This is despite the fact that the CDC extended the mask mandate until 3rd May as recently as last week as Omicron sub-variant BA.2 makes its way through the US population.
However, the new ruling means that this is no longer the case, and the US government issued a statement:
“Today’s court decision means that the CDC’s public transportation masking order is not in effect at this time. Therefore TSA will not enforce its security directives requiring mask use on public transportation and transportation hubs at this time.”

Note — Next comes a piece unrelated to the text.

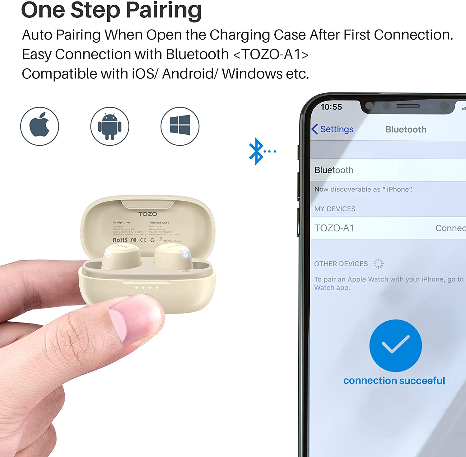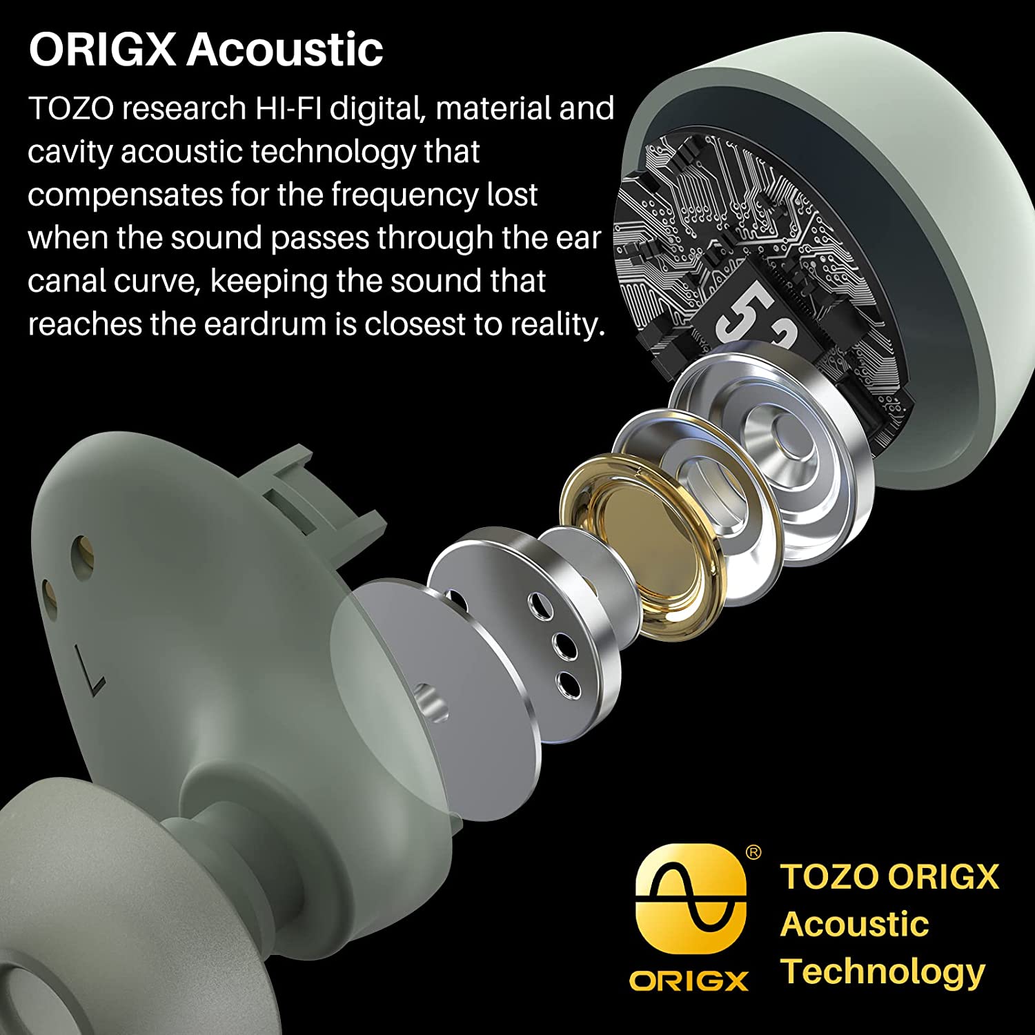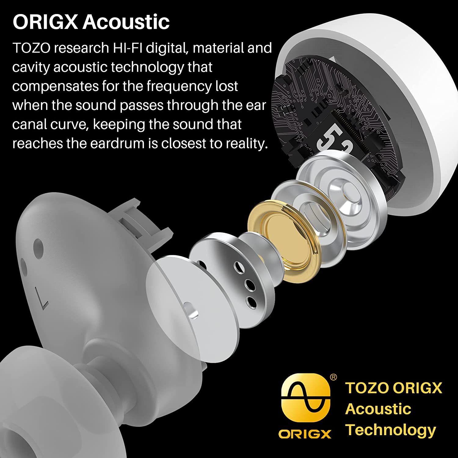 • [Stereo Sound Quality] TOZO A1 earbuds’6mm diameter speaker presents a powerful and wide sound range, which makes the treble full of dynamics, and the bass powerful.Adopt advanced Bluetooth chip makes the sound played by the earphones much more beautiful and pleasant, suitable for sports or home work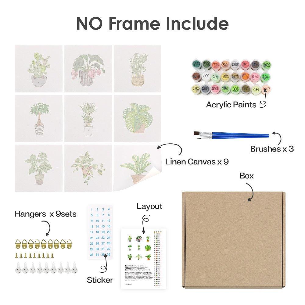 9 Mini Paintings – Indoor Plants Set | Paint by Numbers

Given the mandate’s short extension, the administration is unlikely to challenge the decision. The mandate has had dwindling support and the Democrats cannot afford to alienate middle American voters as the country prepares for midterm elections this Autumn.
Airlines are making masks optional
Virtually all US airlines have now issued statements that wearing masks on board aircraft will become optional, unless a destination requires it.
That means that you will no longer need to wear masks on British Airways and Virgin Atlantic flights to or from the USA. Both airlines have confirmed this on social media.
It makes the the US one of the first (and certainly the biggest) long haul destination where masks are no longer required. However, you still need to take a lateral flow or PCR test before heading to the United States.
Delta, American Airlines, United and other US carriers as well as Amtrak are similarly choosing to make masks an optional part of the travel experience.
Airlines and passengers are happy
Airlines are likely to welcome the move, despite the political way in which it happened: Airlines4America, a lobby group, said it was “encouraged by the lifting of the federal transportation mask mandate”.
The mask mandate came up against considerably opposition in the US where the issue was split along partisan lines. The order was challenged by the ‘Health Freedom Defense Fund’ in Florida where US District Judge Kathryn Kimball Mizelle ruled in favour of the plaintiffs.
Mizelle was appointed to the District Court in 2020 by Donald Trump; the American Bar Association rated her as ‘Not Qualified’ for the job based on her lack of experience: “since her admission to the bar Ms. Mizelle has not tried a case, civil or criminal, as lead or co-counsel.”
Despite the political nature of her appointment and of the plaintiffs, airlines will be happy to be rid of the mandate given the issues they have had enforcing it. Cabin crew are also likely to be sighing in relief now that they no longer have to challenge the maskless. In the last year, the TSA jailed 22 people for violating the mandates and issued 2,709 fines totalling $640,000.